The LFENCE instruction serializes the instruction stream: nothing after LFENCE executes speculatively until all prior instructions have completed their memory accesses. This is expensive (serializes the pipeline) but correct.

MinOS Kernel Spinlocks for SMP

When MinOS runs on multiple CPUs, the kernel's shared data structures (the IDT, the PMM bitmap, the process table) need protection:

; minOS/kernel/spinlock.asm — Kernel spinlocks for SMP

; Global kernel lock (big kernel lock pattern, for simplicity)
section .data
    kernel_lock: dq 0

; Before modifying any kernel structure:
    lea rdi, [kernel_lock]
    call spinlock_acquire
    ; ... modify shared kernel data ...
    lea rdi, [kernel_lock]
    call spinlock_release

The Big Kernel Lock (BKL) pattern — one global lock for all kernel operations — is how early Linux handled SMP. It is correct but eliminates all kernel parallelism. Real kernels use fine-grained locking (per-data-structure spinlocks), per-CPU data (no locking needed if only one CPU accesses it), and lock-free algorithms.

Summary

The hardware memory model defines which reorderings are possible without fences. x86-64 (TSO) only allows store-load reordering; ARM64 allows all four.

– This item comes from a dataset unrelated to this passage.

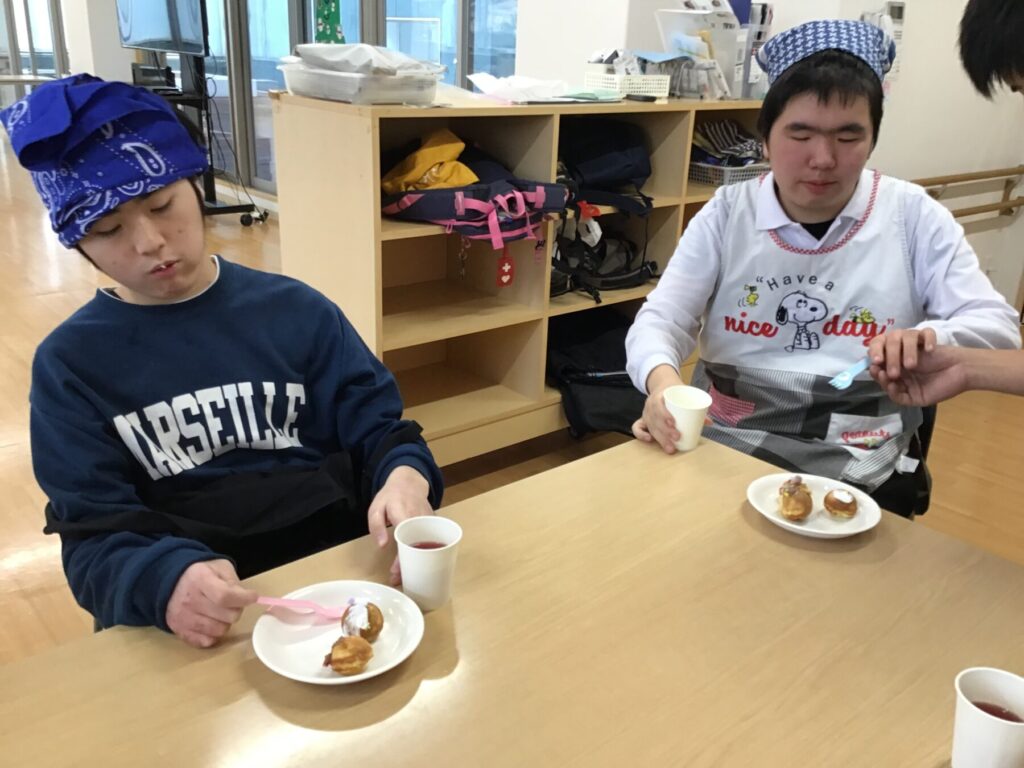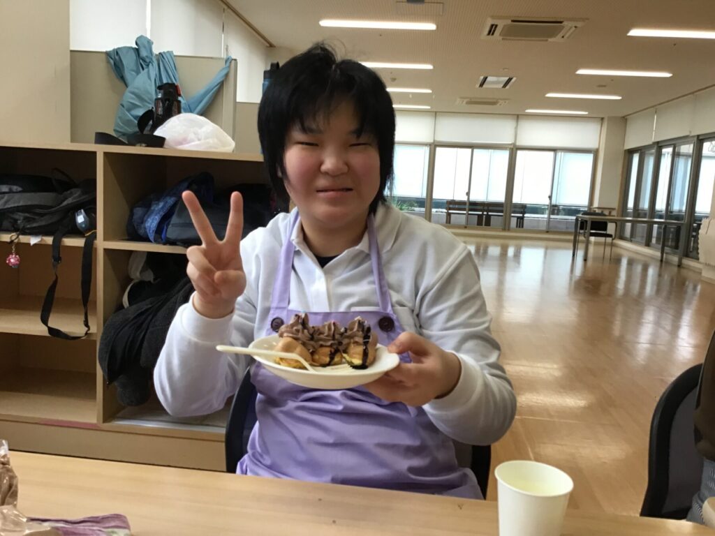 みんなで協力して焼けたベビーカステラは、生クリームやカラースプレーなどを一人ひとり好きなようにトッピングをして、笑顔が弾けていました。みんなでワイワイ言いながらベビーカステラを作りトッピングした今回のおやつ作りは、普段のおやつと違い、作る作業から笑顔で楽しそうな様子でした。

MFENCE, SFENCE, and LFENCE enforce ordering; the LOCK prefix makes read-modify-write operations atomic. CMPXCHG is the universal atomic primitive underlying mutexes, spinlocks, and lock-free data structures. Understanding the hardware model is mandatory for writing correct concurrent code in any language.

🔄 Check Your Understanding: 1. What is the one type of memory reordering that x86-64 TSO permits? 2. Why is PAUSE important inside a spin loop? 3. What does LOCK CMPXCHG do if the comparison fails? 4. How does the ARM64 LDXR/STXR pair differ from x86-64's LOCK CMPXCHG? 5. What is false sharing, and how does cache-line padding fix it?